- Your instructions
For this exercise, return only the lines in the records below from the one holding "Brecht, Bertolt, Freiheit" through the one holding "В Кирове власти", including both, exactly as they appear and without pictures.

- Records for this task
== Segment start ==

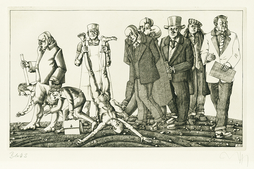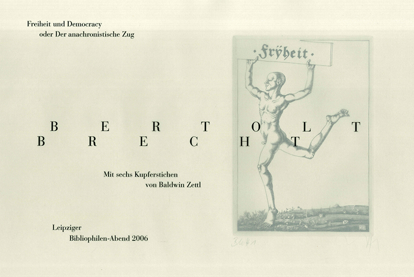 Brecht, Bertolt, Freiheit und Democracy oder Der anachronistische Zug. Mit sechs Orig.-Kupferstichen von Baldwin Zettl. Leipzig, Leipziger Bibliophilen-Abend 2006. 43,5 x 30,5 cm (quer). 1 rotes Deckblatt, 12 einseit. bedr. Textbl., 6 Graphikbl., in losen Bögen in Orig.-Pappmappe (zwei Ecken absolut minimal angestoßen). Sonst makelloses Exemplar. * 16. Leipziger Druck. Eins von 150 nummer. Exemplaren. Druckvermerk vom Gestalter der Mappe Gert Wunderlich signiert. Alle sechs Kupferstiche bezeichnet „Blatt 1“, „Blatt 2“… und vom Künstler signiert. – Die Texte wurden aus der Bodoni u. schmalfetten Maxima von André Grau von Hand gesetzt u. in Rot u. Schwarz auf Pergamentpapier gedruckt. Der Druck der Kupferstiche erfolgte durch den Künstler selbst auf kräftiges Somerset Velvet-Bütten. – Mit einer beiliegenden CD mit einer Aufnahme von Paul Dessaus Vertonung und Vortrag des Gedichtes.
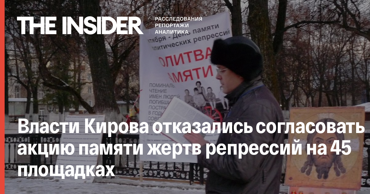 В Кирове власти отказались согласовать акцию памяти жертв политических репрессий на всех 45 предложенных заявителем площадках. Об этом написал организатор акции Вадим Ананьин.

== Segment end ==
== Segment start ==

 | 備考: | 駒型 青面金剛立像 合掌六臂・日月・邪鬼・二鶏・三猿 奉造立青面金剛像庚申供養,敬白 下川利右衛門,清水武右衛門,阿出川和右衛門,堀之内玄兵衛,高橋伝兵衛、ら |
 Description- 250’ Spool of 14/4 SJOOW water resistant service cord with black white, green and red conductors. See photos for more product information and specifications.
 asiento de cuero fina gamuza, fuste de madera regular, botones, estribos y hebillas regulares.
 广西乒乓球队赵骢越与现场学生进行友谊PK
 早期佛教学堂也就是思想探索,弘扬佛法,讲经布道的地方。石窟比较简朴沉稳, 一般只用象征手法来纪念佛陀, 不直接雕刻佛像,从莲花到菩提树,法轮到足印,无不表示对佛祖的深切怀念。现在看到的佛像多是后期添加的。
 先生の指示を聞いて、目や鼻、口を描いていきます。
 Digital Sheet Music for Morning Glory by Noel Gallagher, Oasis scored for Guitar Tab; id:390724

== Segment end ==

- Written response
 Brecht, Bertolt, Freiheit und Democracy oder Der anachronistische Zug. Mit sechs Orig.-Kupferstichen von Baldwin Zettl. Leipzig, Leipziger Bibliophilen-Abend 2006. 43,5 x 30,5 cm (quer). 1 rotes Deckblatt, 12 einseit. bedr. Textbl., 6 Graphikbl., in losen Bögen in Orig.-Pappmappe (zwei Ecken absolut minimal angestoßen). Sonst makelloses Exemplar. * 16. Leipziger Druck. Eins von 150 nummer. Exemplaren. Druckvermerk vom Gestalter der Mappe Gert Wunderlich signiert. Alle sechs Kupferstiche bezeichnet „Blatt 1“, „Blatt 2“… und vom Künstler signiert. – Die Texte wurden aus der Bodoni u. schmalfetten Maxima von André Grau von Hand gesetzt u. in Rot u. Schwarz auf Pergamentpapier gedruckt. Der Druck der Kupferstiche erfolgte durch den Künstler selbst auf kräftiges Somerset Velvet-Bütten. – Mit einer beiliegenden CD mit einer Aufnahme von Paul Dessaus Vertonung und Vortrag des Gedichtes.
 В Кирове власти отказались согласовать акцию памяти жертв политических репрессий на всех 45 предложенных заявителем площадках. Об этом написал организатор акции Вадим Ананьин.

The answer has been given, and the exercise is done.